Saved entries:
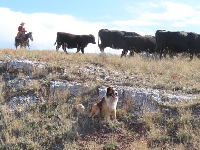 It was a long day but a beautiful one! Oh, and look! An actual photo of me and my dogs with the cows all strung out! Photo courtesy of Megan.
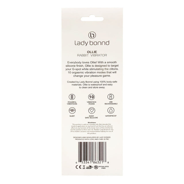 Created by Lady Bonnd using 100% body-safe materials. Ollie is waterproof and easy to clean and store away.
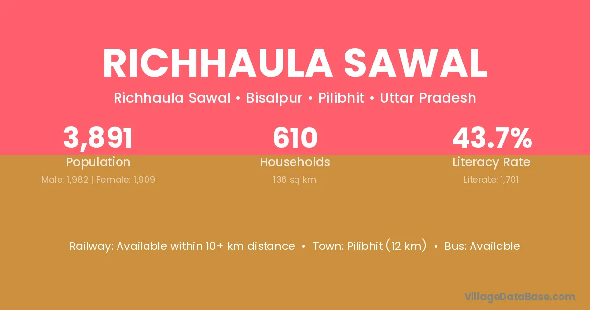 Richhaula Sawal village has a total population of 3,891 people, of which 1,982 are males and 1,909 are females.
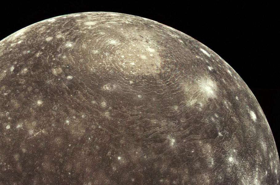 Pozdnímu intenzivnímu bombardování nečelily jen planety ve vnitřní části Sluneční soustavy, ale i vzdálenější tělesa. Četné zásahy utržily také velké Jupiterovy satelity: například na Callisto dopadlo asi 40× více těles než na povrch našeho Měsíce, a na Ganymed dokonce 80× více. Snímek zachycuje jednu z největších impaktních struktur v celé Sluneční soustavě – nazývá se Valhalla, nachází se na Callisto a její průměr přesahuje 1 900 km!
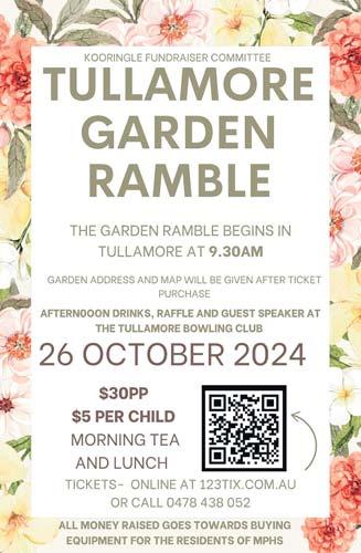 Proudly hosted by the Kooringle Fundraiser Committee. Enjoy a day of exploring five local gardens. Take in the scenery while enjoying morning tea and lunch. After the garden ramble, meet back at the Tullamore Bowling Club for raffles and a guest speaker. All money raised goes to the residents of the MPHS. Tickets available at 123Tix
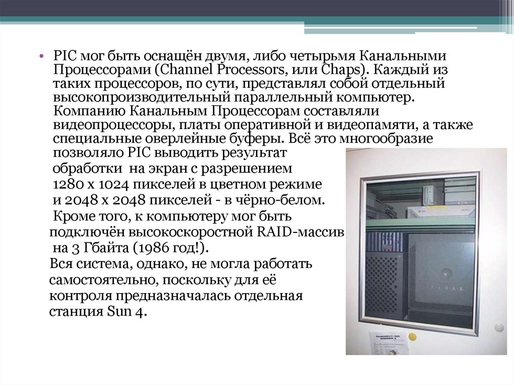 • PIC мог быть оснащён двумя, либо четырьмя КанальнымиПроцессорами (Channel Processors, или Chaps). Каждый из
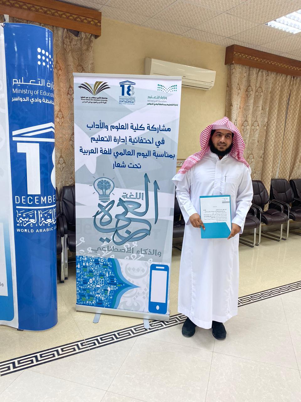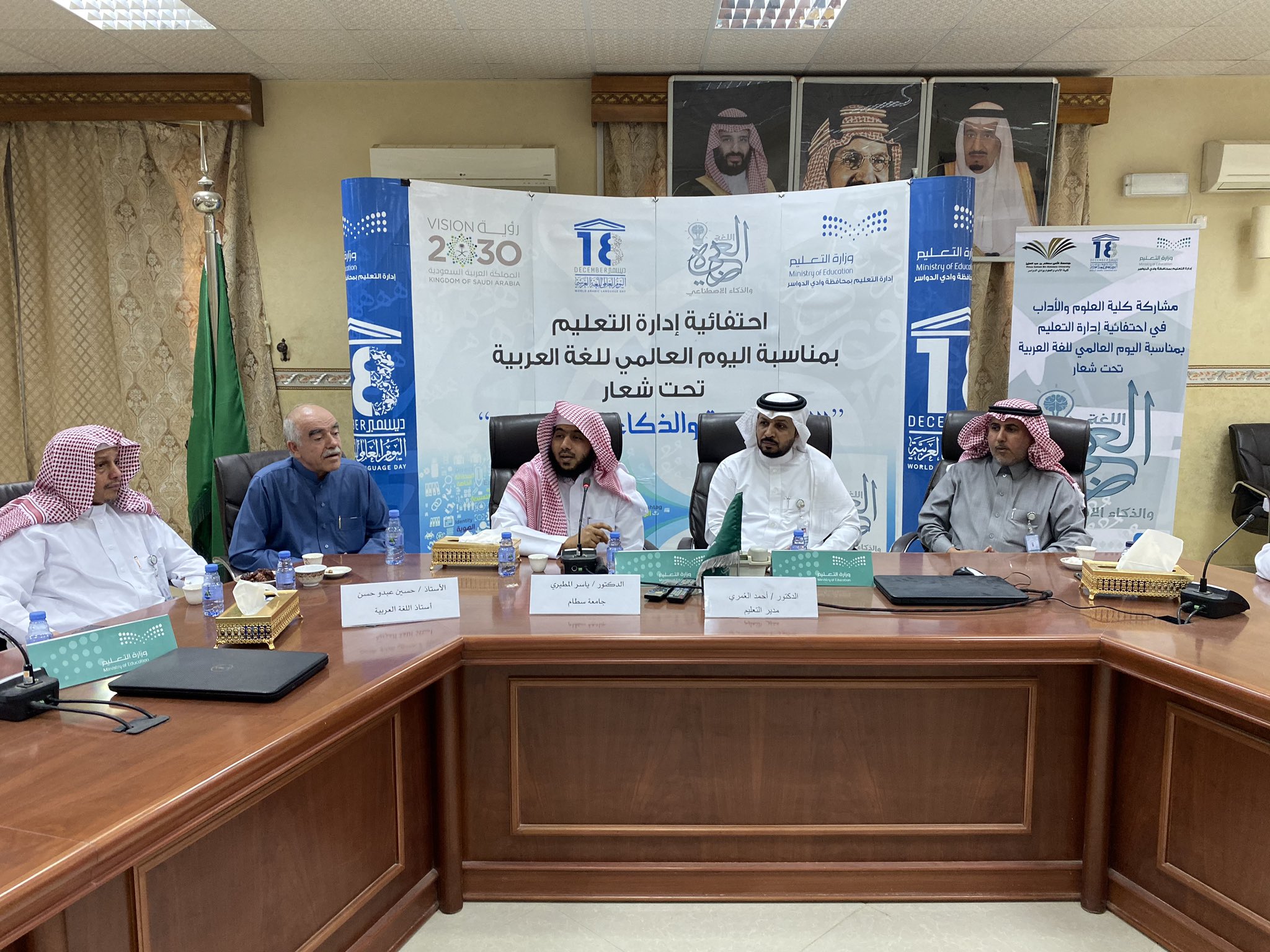 احتفت إدارة تعليم وادي الدواسر باليوم العالمي للغة العربية لعام ٢٠١٩ م تحت شعار ( اللغة العربية والذكاء الاصطناعي ) ممثلة بقسم الإشراف التربوي وبالشراكة مع كلية العلوم والآداب بجامعة الأمير سطام بن عبدالعزيز ، وقال مدير التعليم بوادي الدواسر الدكتور أحمد العُمري إن الاحتفاء باللغة العربية يحتم التفكير بالواجب على الجميع تجاه اللغة العربية، “ودورنا عظيم في سبيل ترسيخ حب اللغة العربية في نفوس أبنائنا، وبيان قيمة لغتنا العريقة، وأنها كانت لغة الحضارة والإنسانية”.
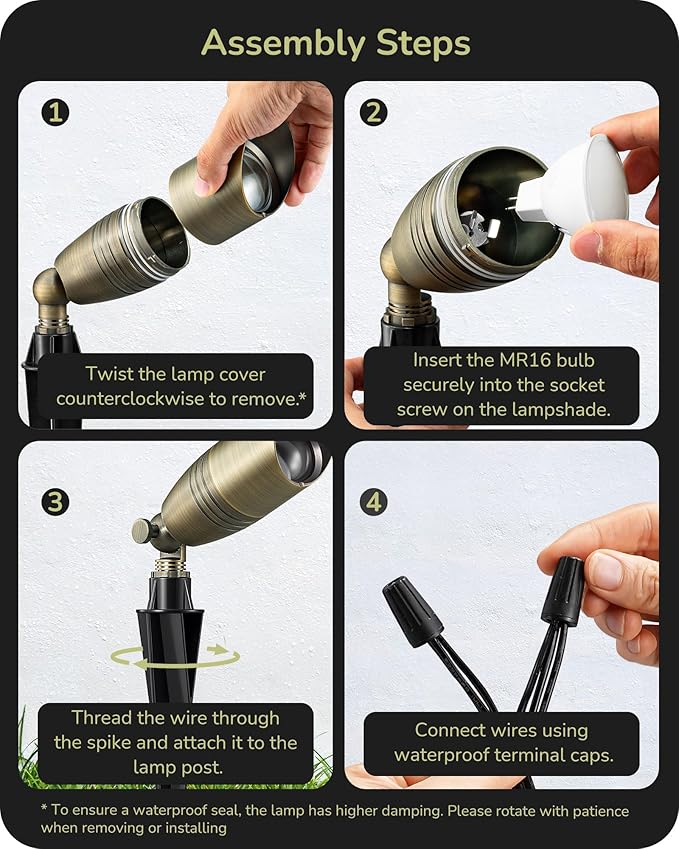 - [Safe & Long-Lasting] Includes heavy-duty ground stakes and 6FT premium copper wire for secure installation; brass landscape lighting with separate bulb and housing, you only need to replace the bulb—not the entire fixture, long life and low costs
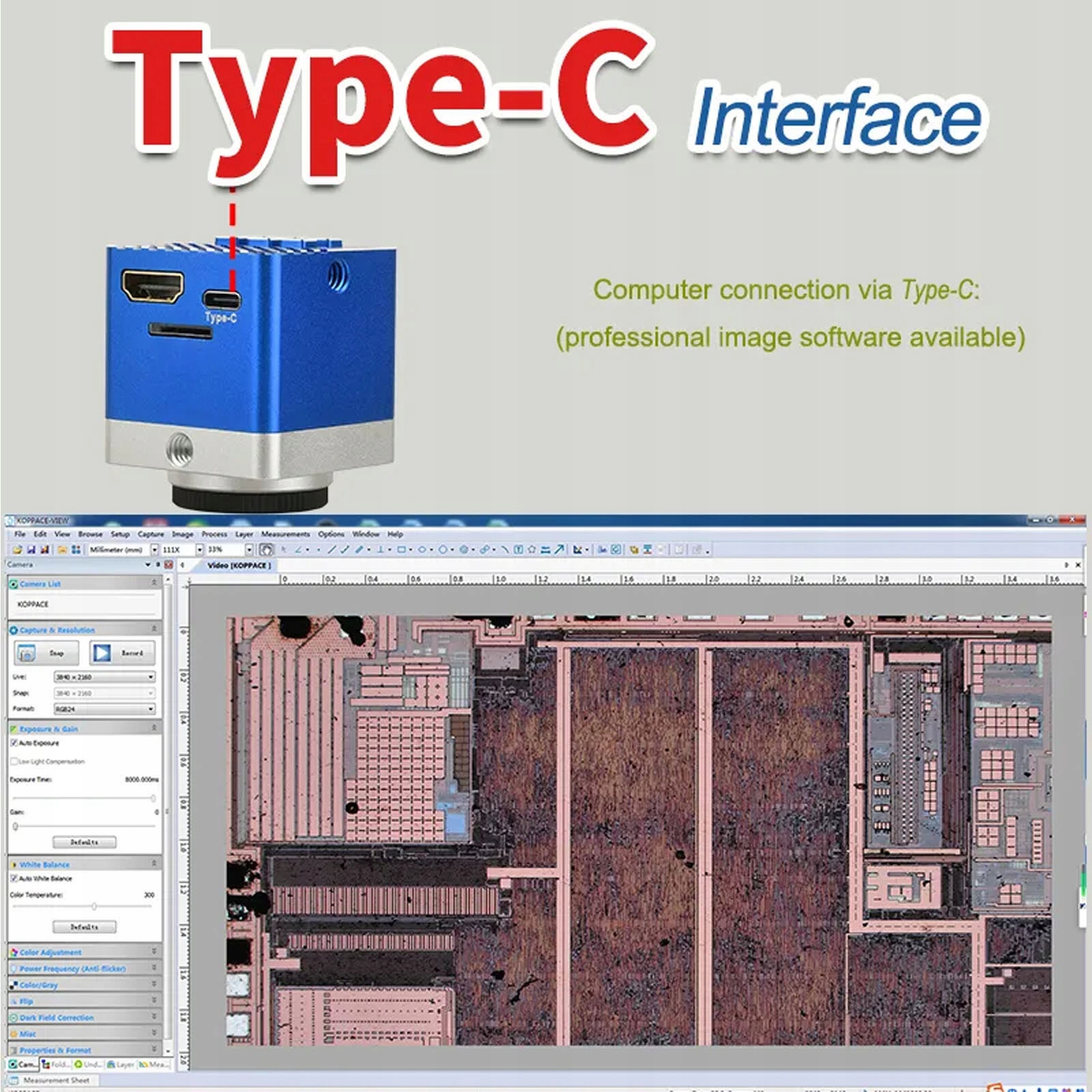 1. Датчик CMOS с высоким разрешением: оснащен CMOS -датчиком изображения 8,3 Мп 1/ 1,8 дюйма CMOS, эта камера микроскопа в видеоиндустрии обеспечивает превосходное качество изображения как для фотографии, так и для записи видео, предоставляя подробные и живые визуальные элементы.
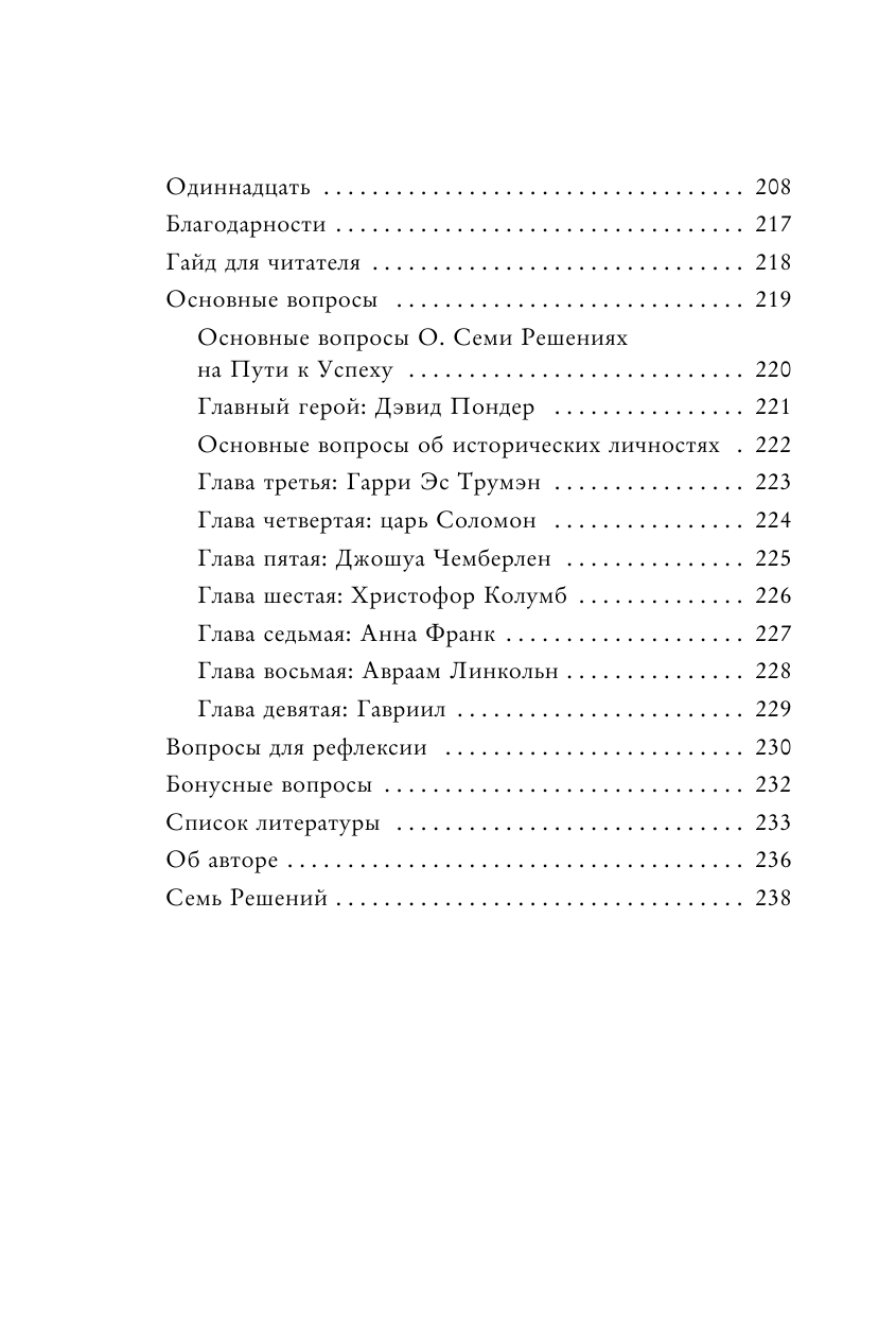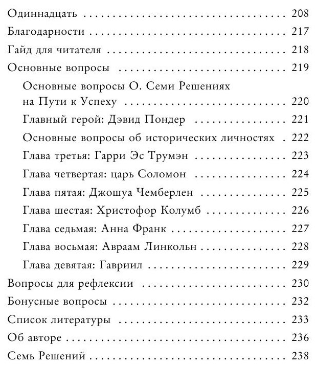 Это не типичная книга по саморазвитию и успеху) Она написана как фэнтези, благодаря чему мы сами вместе с главным героем Дэвидом открываем для себя семь секретов. Дэвид оказывается в сложной ситуации, и вот семь личностей, которых он встречает (Трумэн, царь Соломон, Чемберлен, Колумб, Анна Франк, Линкольн, архангел Гавриил), помогают ему найти свой путь и себя. Каждый учит Дэвида (и нас) какой-то мудрости. В конце автор предлагает вопросы, чтобы мы могли поразмышлять над проблемами, поднятыми в книге. Занимательное, легкое, свежее чтение)

§ **ABOUT THIS EXERCISE**
Write the records out exactly, dropping every image.

§ **SOLUTION TO THIS PROBLEM**
 It was a long day but a beautiful one! Oh, and look! An actual photo of me and my dogs with the cows all strung out! Photo courtesy of Megan.
 Created by Lady Bonnd using 100% body-safe materials. Ollie is waterproof and easy to clean and store away.
 Richhaula Sawal village has a total population of 3,891 people, of which 1,982 are males and 1,909 are females.
 Pozdnímu intenzivnímu bombardování nečelily jen planety ve vnitřní části Sluneční soustavy, ale i vzdálenější tělesa. Četné zásahy utržily také velké Jupiterovy satelity: například na Callisto dopadlo asi 40× více těles než na povrch našeho Měsíce, a na Ganymed dokonce 80× více. Snímek zachycuje jednu z největších impaktních struktur v celé Sluneční soustavě – nazývá se Valhalla, nachází se na Callisto a její průměr přesahuje 1 900 km!
 Proudly hosted by the Kooringle Fundraiser Committee. Enjoy a day of exploring five local gardens. Take in the scenery while enjoying morning tea and lunch. After the garden ramble, meet back at the Tullamore Bowling Club for raffles and a guest speaker. All money raised goes to the residents of the MPHS. Tickets available at 123Tix
 • PIC мог быть оснащён двумя, либо четырьмя КанальнымиПроцессорами (Channel Processors, или Chaps). Каждый из
 احتفت إدارة تعليم وادي الدواسر باليوم العالمي للغة العربية لعام ٢٠١٩ م تحت شعار ( اللغة العربية والذكاء الاصطناعي ) ممثلة بقسم الإشراف التربوي وبالشراكة مع كلية العلوم والآداب بجامعة الأمير سطام بن عبدالعزيز ، وقال مدير التعليم بوادي الدواسر الدكتور أحمد العُمري إن الاحتفاء باللغة العربية يحتم التفكير بالواجب على الجميع تجاه اللغة العربية، “ودورنا عظيم في سبيل ترسيخ حب اللغة العربية في نفوس أبنائنا، وبيان قيمة لغتنا العريقة، وأنها كانت لغة الحضارة والإنسانية”.
 - [Safe & Long-Lasting] Includes heavy-duty ground stakes and 6FT premium copper wire for secure installation; brass landscape lighting with separate bulb and housing, you only need to replace the bulb—not the entire fixture, long life and low costs
 1. Датчик CMOS с высоким разрешением: оснащен CMOS -датчиком изображения 8,3 Мп 1/ 1,8 дюйма CMOS, эта камера микроскопа в видеоиндустрии обеспечивает превосходное качество изображения как для фотографии, так и для записи видео, предоставляя подробные и живые визуальные элементы.
 Это не типичная книга по саморазвитию и успеху) Она написана как фэнтези, благодаря чему мы сами вместе с главным героем Дэвидом открываем для себя семь секретов. Дэвид оказывается в сложной ситуации, и вот семь личностей, которых он встречает (Трумэн, царь Соломон, Чемберлен, Колумб, Анна Франк, Линкольн, архангел Гавриил), помогают ему найти свой путь и себя. Каждый учит Дэвида (и нас) какой-то мудрости. В конце автор предлагает вопросы, чтобы мы могли поразмышлять над проблемами, поднятыми в книге. Занимательное, легкое, свежее чтение)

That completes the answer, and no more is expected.